I could clean the input before inputting into meander but I was hoping to be able to use meander for that as well...


For the CSV, personally, I would zipmap the fields or pluck them out with nth, etc. in a preprocessing step and then run them through meander.


I would also index the tags as well. You can then do the joins much more easily (and more legibly).
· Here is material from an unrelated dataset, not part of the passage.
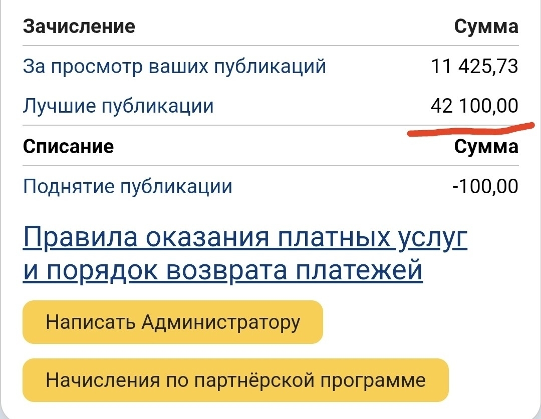 Я заметил, что больше всего денег я получил за победу в конкурсе лучших публикаций!

You could also drop the first rows (headers) from each of the two data sets.


Then you could

{:products (m/scan {:as ?product ,,,})
 :tags (m/scan {:name (m/pred #(contains ,,,) ,,,})}

Lidor Cohen18:08:26

Great I was wondering where I should do the cleaning, now I have an answer 😁


LMK if you need help with next steps. 🙂

Lidor Cohen23:08:43

So I came up with this:

(m/search data

            {:products (m/scan {"Product Name" ?product-name
                                "Meta Tag Description" ?description
                                "Price" ?price
                                "Image(Main image)" ?media
                                "Length" ?length
                                "Width" ?width
                                "height" ?height
                                "Weight" ?weight
                                "Manufacturer" ?manufacturer
                                "Product Tags" ?product-tags
                                "Categories id" ?categories-id})

             :categories (m/scan {"Category ID" (m/pred #(some #{%} (split ?categories-id ";")))
                                  "Category Name" ?category-name
                                  "Parent" ?parent})}

            {"name" ?product-name
             "description" ?description
             "price" ?price
             "media" {"data" {"src" ?media}}
             "categories-id" (split ?categories-id ";")
             "category-name" [?category-name]})
And it seems that the second scan emits every match as its own entry so instead of this:
[{"name" "some-name"
 "description" "some long description"
 "price" 42
 "media" {"data" {"src" ""}}
 "product_tags" [{"name" "catcat" "parent" "catcat's mom"}
                 {"name" "catcat's mom" "parent" ""}
I get this:
[{"name" "some-name"
 "description" "some long description"
 "price" 42
 "media" {"data" {"src" ""}}
 "product_tags" [{"name" "catcat" "parent" "catcat's mom"}]}
{"name" "some-name"
 "description" "some long description"
 "price" 42
 "media" {"data" {"src" ""}}
 "product_tags" [{"name" "catcat's mom" "parent" ""}]}
which actually makes sense as I understand meander better, but for my task I need to aggregate all of the tags under the relevant product's "product_tags"

Lidor Cohen07:08:31

I figured what I'm looking for is a join + group by

Lidor Cohen08:08:18

I found a previous answer that suggests to do the group-by out side of meander. can't wait to see how far will you go with meander, for now I'm happy with the current solution, thank you! P.S I invested time learning meander as I believe in it as a general declarative solution for the complicated data transformations in our company, so... rooting for ya!